Exercise details |
Beginning with the line below that contains "Vintage Pair of" and ending with the line that contains "A fun little", retype every line exactly. Pictures are not copied.

Dataset extract |
────────────────────

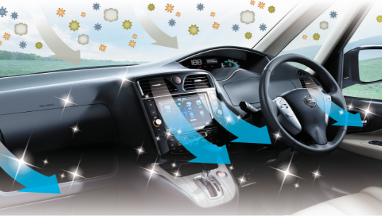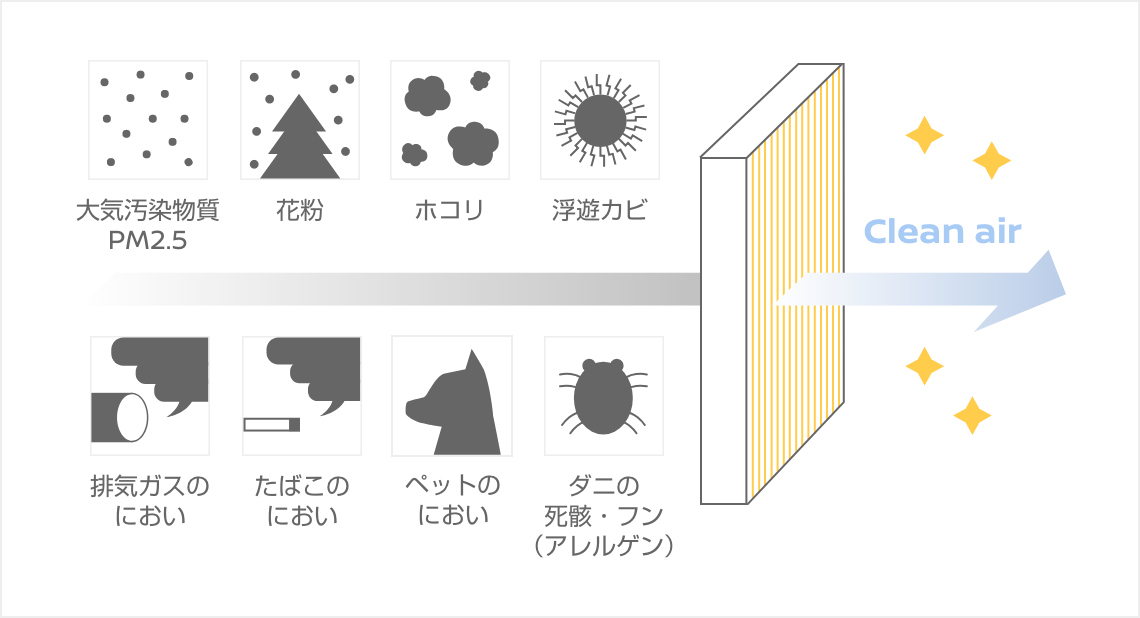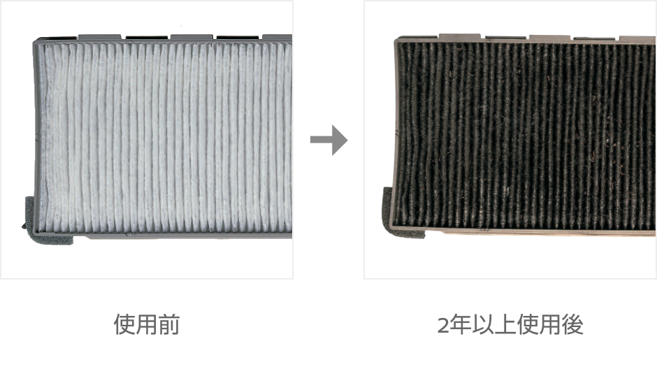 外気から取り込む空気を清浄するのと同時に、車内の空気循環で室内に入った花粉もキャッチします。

────────────────────

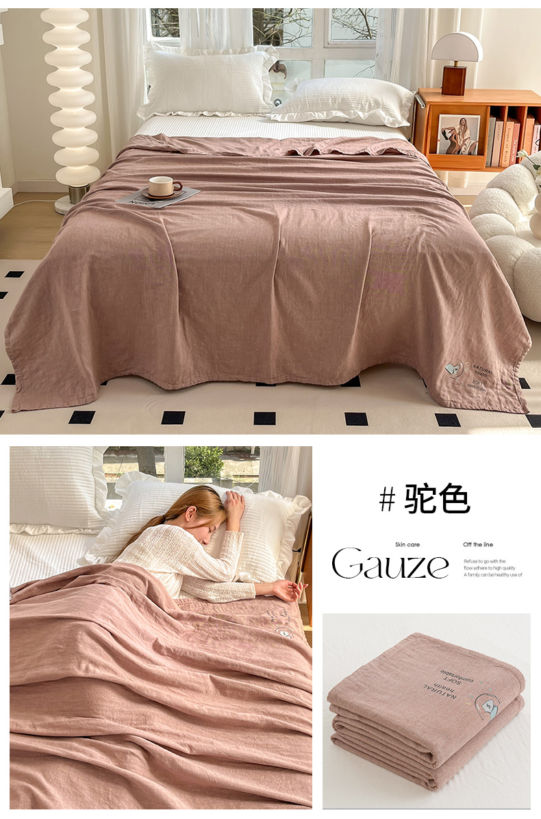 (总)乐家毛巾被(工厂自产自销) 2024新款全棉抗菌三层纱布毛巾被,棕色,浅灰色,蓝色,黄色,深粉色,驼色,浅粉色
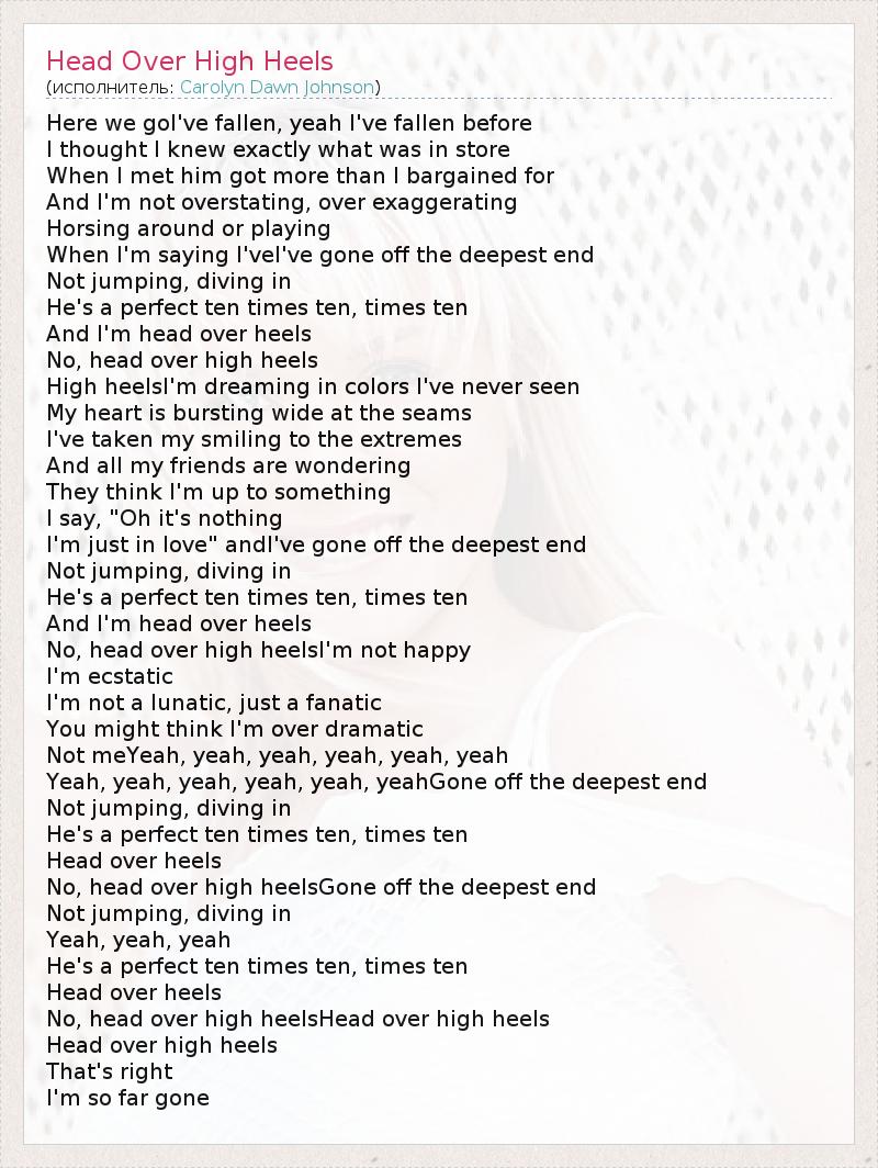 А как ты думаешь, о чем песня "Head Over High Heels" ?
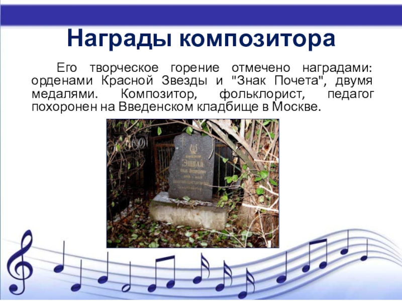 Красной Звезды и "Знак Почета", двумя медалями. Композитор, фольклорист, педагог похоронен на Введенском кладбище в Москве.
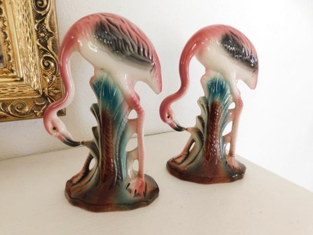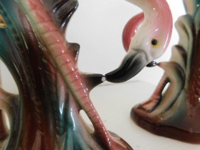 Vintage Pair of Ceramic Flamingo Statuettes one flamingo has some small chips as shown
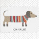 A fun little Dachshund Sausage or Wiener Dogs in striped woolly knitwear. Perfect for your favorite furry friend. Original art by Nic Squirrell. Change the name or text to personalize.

────────────────────

Task response |
 Vintage Pair of Ceramic Flamingo Statuettes one flamingo has some small chips as shown
 A fun little Dachshund Sausage or Wiener Dogs in striped woolly knitwear. Perfect for your favorite furry friend. Original art by Nic Squirrell. Change the name or text to personalize.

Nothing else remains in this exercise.